In a Bayesian framework, we are not forced to assume that item parameters are fixed and known quantities. We can take samples from their posterior distributions to take into account the fact that we are not dealing with true values. The current version of dexter does not include a user-level function to do that, but we can easily tinker with some of its internal functions. Function theta_score_distribution
estimates ability from a score distribution, and function pscore
produces the expected score distribution given an ability and item parameters.
First, we run a Bayesian calibration and store the results for convenience. We will use the simulated data from the first example.
f_b = fit_enorm(simulated, method="Bayes")
b = colMeans(f_b$est$b)
a = f_b$est$a
first = f_b$inputs$ssI$first
last = f_b$inputs$ssI$last
scoretab = f_b$inputs$stb$N
We then produce a plot of observed and estimated frequencies.
plot(0:sum(a[last]), scoretab, col="green", pch=19,
xlab="Test-score", ylab="Frequency", cex=0.7)
theta.est = dexter:::theta_score_distribution(b,a,first,last,scoretab)
score.est = dexter:::pscore(theta.est,b,a,first,last)
for (i in 1:20)
{
indx=sample(1:500,1)
b=f_b$est$b[indx,]
theta.est=dexter:::theta_score_distribution(b,a,first,last,scoretab)
score.est=dexter:::pscore(theta.est,b,a,first,last)
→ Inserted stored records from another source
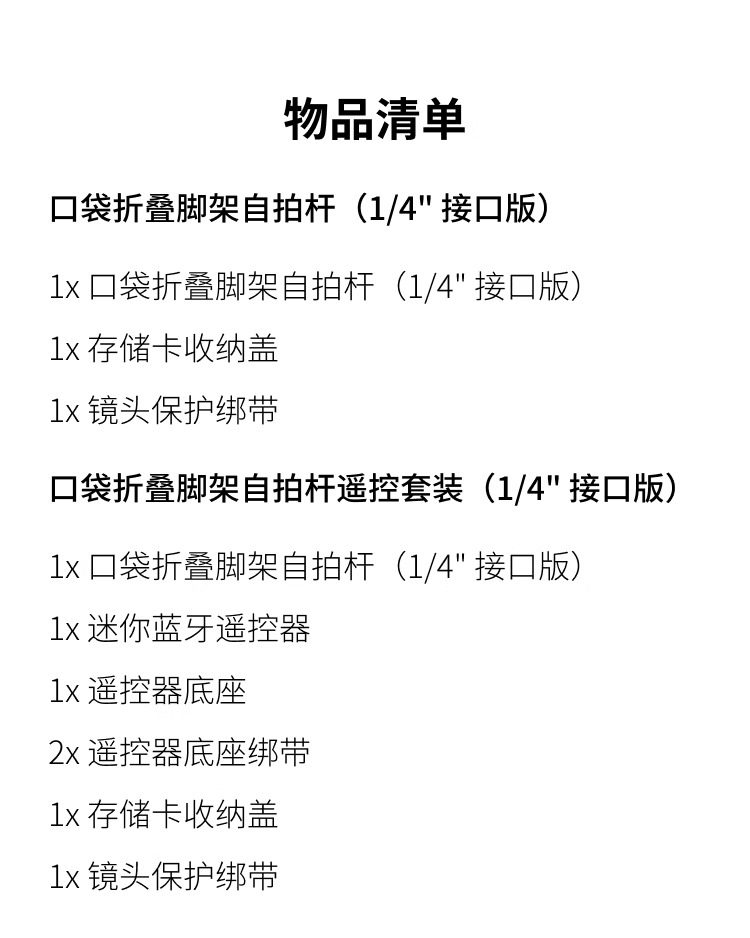 | Color Classification | Pocket Foldable Tripod Selfie Stick (1/4" Interface Version),Pocket Foldable Tripod Selfie Stick Remote Control Package (1/4" Interface Version) |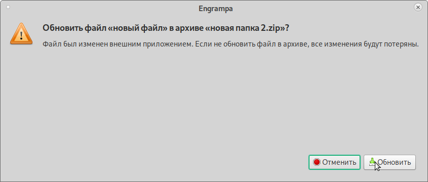 4. Менеджер архивов запросит подтверждение на обновление в архиве файла с внесёнными вами изменениями.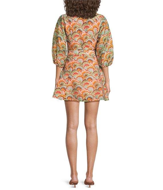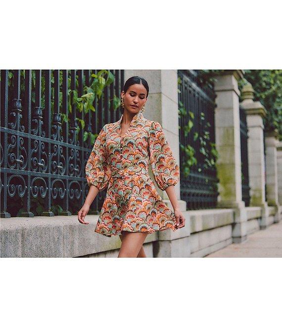Mestiza New York Valencia Organza Fan Print Mandarin Collar Elbow Sleeve Dress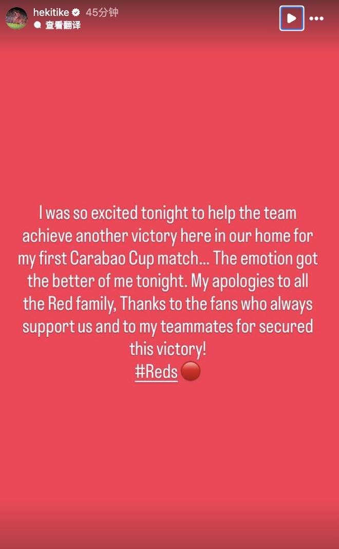 英超比赛。斯洛特在赛后新闻发布会上也直言埃基蒂克的行为“有点愚蠢”。埃基蒂克随后在社交媒体发文道歉,他写道:“我今晚非常激动,能在主场帮助球队在我参加的第一场英联杯比赛中再获一场胜利……今晚的情绪让我有些失控,向所有红军家人道歉,感谢一直支持我们的球迷,也感谢我的队友们帮助我们赢得这场胜利!”【上咪咕独家看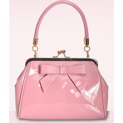 ''California... knows how to party!'' Dit kleine zusje van de klassieke American Vintage bag heeft een opvallende goudkleurige metalen klipsluiting voor een echte vintage look en is uitgevoerd in lichtroze imitatie lakleder afgewerkt met een schattige strik. * Small sized * Klipsluiting * Binnenvak met 3 extra vakjes, waarvan 1 met rits * Afneembaar hengsel * Kan crossbody gedragen worden * Volledig gevoerd * Groot genoeg voor je telefoon, sleutels, en een kleine portemonnee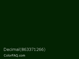 Decimal 863371266 Color is a almost black green color and the nearest color is Deep Fir #002900. Hex code #032302 and RGB value is rgb(3,35,2). In RGB color space, this color is composed of 1% red, 14% green, 1% blue, In CMYK color space, this color is composed of 91% cyan, 0% magenta, 94% yellow , 86% black , In HSL color space, this color has a hue angle of 118° , 89% saturation and 7% lightness.

lines(0:sum(a[last]),score.est*2000,col="gray",pch=19,cex=0.7)
}
The gray band is now not a single line but 20 lines superimposed, each of them showing the frequencies predicted from one of 20 draws from the posterior of the item parameters. As before, the green dots show the observed frequencies.
dbDisconnect(db2)
Paul De Boeck, Mark Wilson, ed. 2004. Explanatory Item Response Models. Springer.
Vansteelandt, K. 2000. “Formal Methods for Contextualized Personality Psychology.” PhD thesis, K. U. Leuven.